# Inflection of numerals in spoken language



## palabriscious

Moi kaikki!

So, as I have learned, the inflection of Finnish numerals is quite complicated because every part of the number needs to be inflected.

For example: 

35 persons: kolmekymmentäviisi henkeä

when adding "for", it becomes 

*for* 35 persons: kolme*lle*kymmene*lle*viide*lle* hengelle

However, regarding the tendency of Finns to shorten their words a lot when speaking colloquially, I wonder how this is dealt with in puhekieli.
I suppose the number 35 should be pronounced by most persons like "kolmkytviis", so how would a person say "for 35 persons" in a shorter way?

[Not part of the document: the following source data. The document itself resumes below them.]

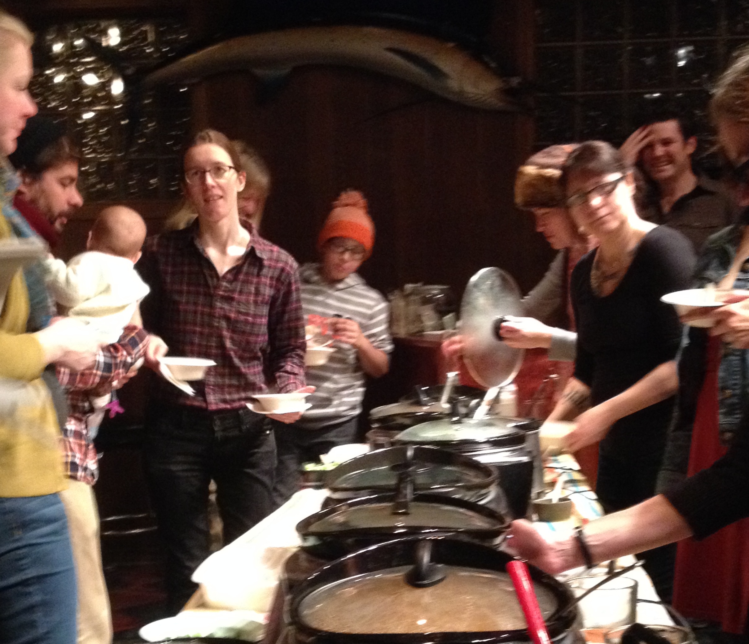 “My two cents is that everyone in the room, both soup servers and people coming to eat soup, were THRILLED to be out of their own abodes but somewhere warm, cozy, lively. The theme of Fire and Ice couldn’t have been more fitting as we were all emerging from the Polar Vortex. People were just so grateful. IMHO Louisa gets the award for most interesting soup. It had ramen, American cheese, kim chi, it was wild and people were digging it. Had a fun name to boot, something like Korean General’s Soup.”
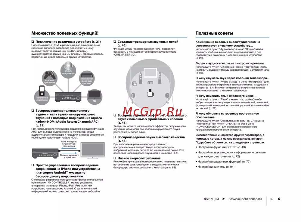 ФУНКЦИИ ➤ Возможности аппарата Ru 6
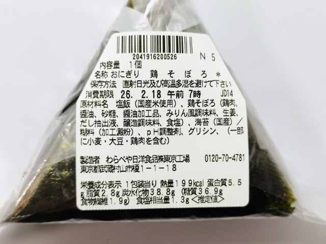 以前に購入した商品は2024年1月4日発売で手巻おにぎり 国産鶏使用 鶏そぼろでした↓
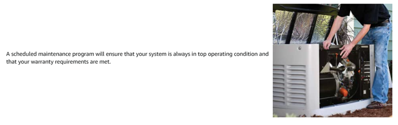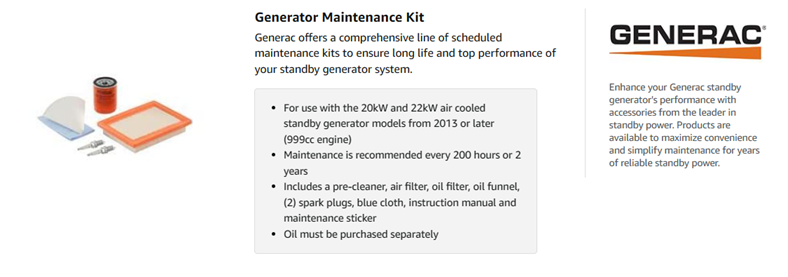 • Scheduled maintenance kit is for standby home generators

Do really all parts of the number get inflected in everyday language, too?


----------



## Kristoffer71

35 is usually shortened kolkytviis, but "for 35" but I would actually say kolmellekymmenelleviidelle. How about the rest of you Finns? Do any of you shorten this? But in any case we wouldn't generally write that. In writing it would be for example "35 ihmiselle".

And when we write the thirty fifth it would be with a period as in 35.
So this one would be spoken as kolmaskymmenesviides


----------



## Maunulan Pappa

For my part, I often say e.g. _kolkyt*viidelle*_, i.e., I only conjugate the last part of the numeral. To say _"for 135"_ in Finnish, I would say _*sadalle*kolkyt*viidelle*_ 

One can also try to find a way to circumvent the problem of long, clumsy ordinals. You can, for example, say _"hän tuli sijalle 135"_ instead of "_hän tuli sadanneksikolmanneksikymmenenneksiviidenneksi_". 

But all this depends on the situation, the degree of formality, etc.


----------



## Marko55

As already stated, we sometimes use another case to avoid long words. For example, if we serve coffee in a meeting and we talk about the number of the cups, we can say:
A: Mone*lle* mä laitan?
B: 35 (kolkytviis) on tulossa.
[instead of: kolme*lle*kymmene*lle*viide*lle*]


----------



## Ansku89

Maunulan Pappa said:


> You can, for example, say _"hän tuli sijalle 135"_ instead of "_hän tuli sadanneksikolmanneksikymmenenneksiviidenneksi_".


I would say that nobody ever uses the latter version in any other context than a grammar lesson


----------



## Shannon234

Interesting replies, I would most definitely say"kolm*el*kymmen*el*viid*el*", definitely not "kolme*lle*kymmene*lle*viide*lle*" and kolkytviidelle sounds very weird to me too, since it combines informal and formal language.


----------